Received 28 February 2012; Accepted 3 April 2012

Academic Editor: Shuming Zhang

Copyright © 2012 Yan Chen et al. This is an open access article distributed under the Creative Commons Attribution License, which permits unrestricted use, distribution, and reproduction in any medium, provided the original work is properly cited.

Abstract

The purpose of this study was to evaluate the in vitro cell biocompatibility of an in situ forming composite consisting of chitosan (CS), nano-hydroxyapatite and collagen (nHAC), which has a complex hierarchical structure similar to natural bone. MC3T3-E1 mouse calvarial preosteoblasts were cultured on the surface of the injectable CS/nHAC and CS scaffold. The proliferations of seeded MC3T3-E1 were investigated for 10 days. Cytotoxicity, cell proliferation, and cell expression of osteogenic markers such as alkaline phosphatase (ALP), type 1 collagen (COL-1), RUNX-2, and osteocalcin (OCN) were examined by biochemical assay and reverse transcription polymerase chain reaction.

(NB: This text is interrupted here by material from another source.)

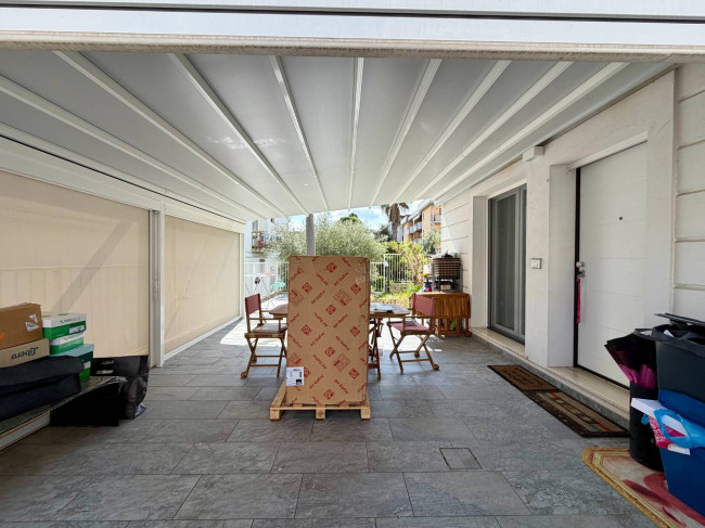 A San Benedetto del Tronto, proponiamo in Vendita un Appartamento trilocale di 65 mq circa posto al piano terra di una piccola palazzina completamente ristrutturata. Internamente l' immobile è composto da: ingresso su soggiorno con cucina a vista, due camere da letto, (una matrimoniale ed una singola) e un bagno finestrato con box doccia. L'Appartamento risulta avere ingresso autonomo. La corte esterna, di circa 130 mq, è suddivisa tra giardino piantumato e area attrezzata pavimentata. La privacy nei momenti conviviali all'esterno viene garantita da una spaziosa pergotenda motorizzata che consente di soggiornare all'aperto per gran parte dell'anno. Una piccola cantina al piano terra, di circa 4 mq, completa la proprietà. L'alloggio si presenta in ottime condizioni grazie alla recente ristrutturazione. Il portone d'ingresso è blindato, gli infissi sono in pvc con vetro doppio, il riscaldamento è autonomo con sistema radiante a pavimento e sono presenti condizionatori caldo/freddo e zanzariere. Ubicato nella splendida zona residenziale di Santa Lucia, questa residenza rappresenta il giusto connubio tra tranquillità e vicina ai principali servizi ed al mare.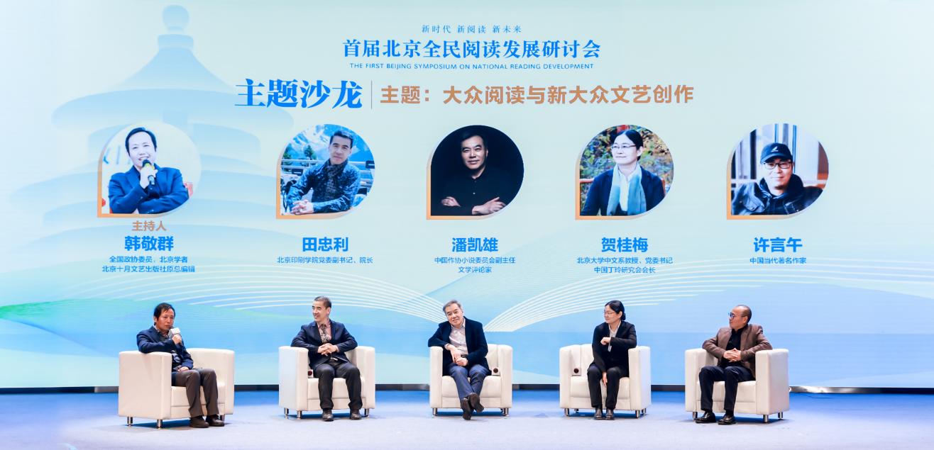 韩敬群主持“大众阅读与新大众文艺创作”主题沙龙,田忠利、潘凯雄、贺桂梅、许言午围绕大众阅读新趋势、新大众文艺新表达、优质内容生产传播等议题展开研讨。田忠利谈到,阅读对大学生非常重要,它是知识的传授,也是国家所倡导的全民阅读重要战略支点。北京印刷学院致力于从三个维度推进全民阅读工作:一是站在文化强国的高度,把阅读作为人才培养立德树人的核心途径。二是站在出版使命的高度,培养学生成为未来出版家、传媒人的社会担当,通过阅读提升他们作为未来出版先锋的引领力。三是站在民族复兴的高度上,通过阅读涵养学生文化自信和精神独立,夯实青年一代的精神底色。潘凯雄谈到,新大众文艺创作的新,不在于身份的设定与更换,不是简单的“素人写作”,而是将写作的立场、态度、关注点放在广大读者身上,才能创作出更精品的内容,繁荣文艺事业。贺桂梅谈到,阅读变得具有大众性是伴随印刷文化发展的。当下新大众文艺创作需要关注两点:一是新大众文艺处于互联网条件,强调了传播媒介变化,与新的传播技术、信息技术、媒介技术密切结合。二是新大众文艺是全民性的、大众性的拓展,不拘一格,激发全民族的文艺创作活力。许言午谈到,互联网条件下发展新大众文艺,重点是要拓宽视野,用开放包容的态度去创作,以小我写大众,才能发现更精彩的大众万象。

Cell viability and total cellularity (measured by dsDNA) were similar between the two scaffold groups. However, ALP, COL-1, OCN, and RUNX-2 production were significantly greater when osteoblasts were cultured on CS/nHAC scaffolds. The increase in osteogenic markers production on CS/nHAC scaffolds indicated that these scaffolds were superior to chitosan-only scaffolds in facilitating osteoblast mineralization. These results demonstrate the potential of the CS/nHAC scaffolds to be used in bone tissue engineering.